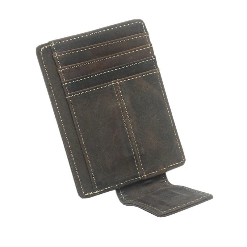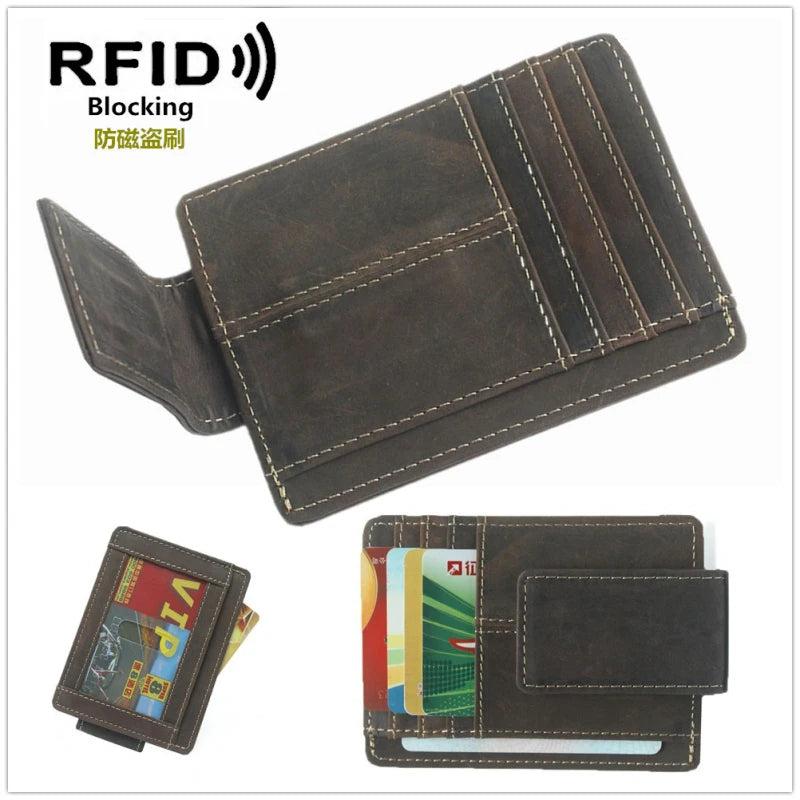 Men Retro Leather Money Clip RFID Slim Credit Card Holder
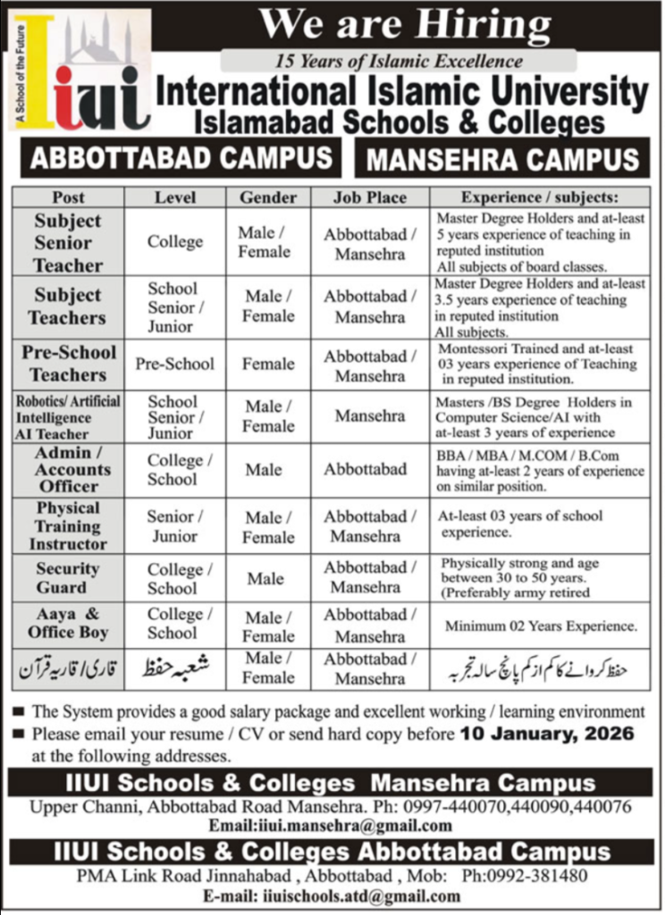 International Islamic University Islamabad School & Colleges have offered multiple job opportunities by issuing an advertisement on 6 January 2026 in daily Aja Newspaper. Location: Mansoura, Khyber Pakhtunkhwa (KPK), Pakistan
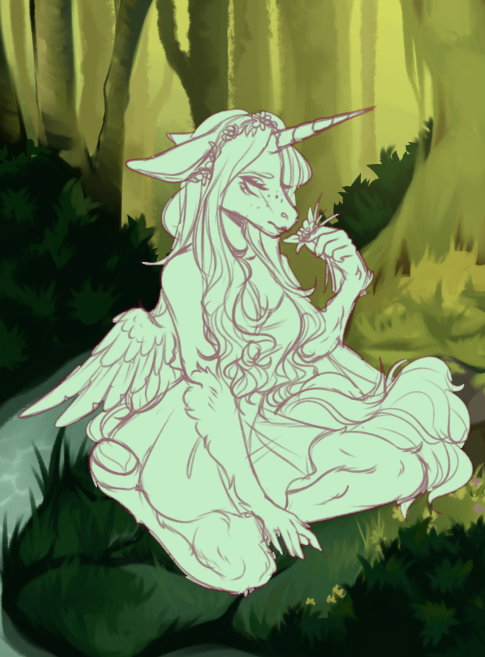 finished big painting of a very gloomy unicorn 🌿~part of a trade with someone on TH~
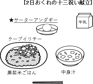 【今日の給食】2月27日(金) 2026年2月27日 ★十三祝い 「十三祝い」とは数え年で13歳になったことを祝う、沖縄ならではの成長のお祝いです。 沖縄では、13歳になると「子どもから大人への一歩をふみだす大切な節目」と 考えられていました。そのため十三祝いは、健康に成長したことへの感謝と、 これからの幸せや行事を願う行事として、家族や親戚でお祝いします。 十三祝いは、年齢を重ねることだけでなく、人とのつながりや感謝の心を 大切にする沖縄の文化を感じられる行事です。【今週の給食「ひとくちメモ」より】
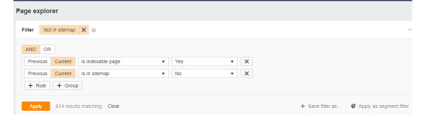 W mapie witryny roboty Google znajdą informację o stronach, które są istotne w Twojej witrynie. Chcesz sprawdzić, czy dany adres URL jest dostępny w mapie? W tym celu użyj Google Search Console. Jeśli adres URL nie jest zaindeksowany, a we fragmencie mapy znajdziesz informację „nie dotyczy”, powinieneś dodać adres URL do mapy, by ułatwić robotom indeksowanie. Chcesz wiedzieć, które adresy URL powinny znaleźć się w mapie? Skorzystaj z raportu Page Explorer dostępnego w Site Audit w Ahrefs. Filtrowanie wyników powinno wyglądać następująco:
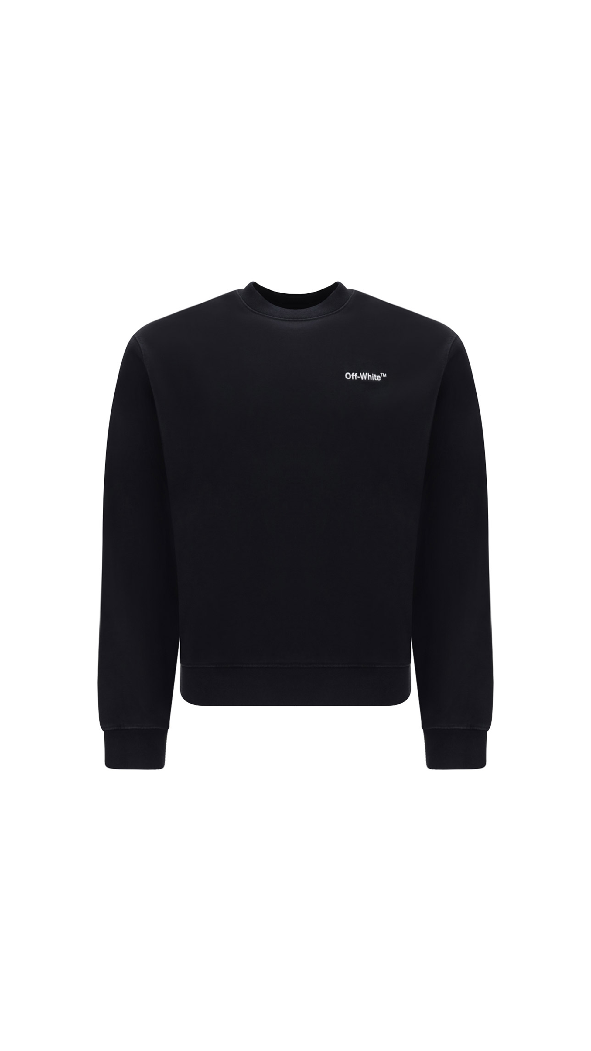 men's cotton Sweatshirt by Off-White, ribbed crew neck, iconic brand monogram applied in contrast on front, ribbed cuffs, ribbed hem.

....

**TASK PROMPT:**
Pictures are to be excluded; the records themselves are to be reproduced exactly.

**ANSWER TO THE EXERCISE:**
 Men Retro Leather Money Clip RFID Slim Credit Card Holder
 International Islamic University Islamabad School & Colleges have offered multiple job opportunities by issuing an advertisement on 6 January 2026 in daily Aja Newspaper. Location: Mansoura, Khyber Pakhtunkhwa (KPK), Pakistan
 finished big painting of a very gloomy unicorn 🌿~part of a trade with someone on TH~
 【今日の給食】2月27日(金) 2026年2月27日 ★十三祝い 「十三祝い」とは数え年で13歳になったことを祝う、沖縄ならではの成長のお祝いです。 沖縄では、13歳になると「子どもから大人への一歩をふみだす大切な節目」と 考えられていました。そのため十三祝いは、健康に成長したことへの感謝と、 これからの幸せや行事を願う行事として、家族や親戚でお祝いします。 十三祝いは、年齢を重ねることだけでなく、人とのつながりや感謝の心を 大切にする沖縄の文化を感じられる行事です。【今週の給食「ひとくちメモ」より】
 W mapie witryny roboty Google znajdą informację o stronach, które są istotne w Twojej witrynie. Chcesz sprawdzić, czy dany adres URL jest dostępny w mapie? W tym celu użyj Google Search Console. Jeśli adres URL nie jest zaindeksowany, a we fragmencie mapy znajdziesz informację „nie dotyczy”, powinieneś dodać adres URL do mapy, by ułatwić robotom indeksowanie. Chcesz wiedzieć, które adresy URL powinny znaleźć się w mapie? Skorzystaj z raportu Page Explorer dostępnego w Site Audit w Ahrefs. Filtrowanie wyników powinno wyglądać następująco:
 men's cotton Sweatshirt by Off-White, ribbed crew neck, iconic brand monogram applied in contrast on front, ribbed cuffs, ribbed hem.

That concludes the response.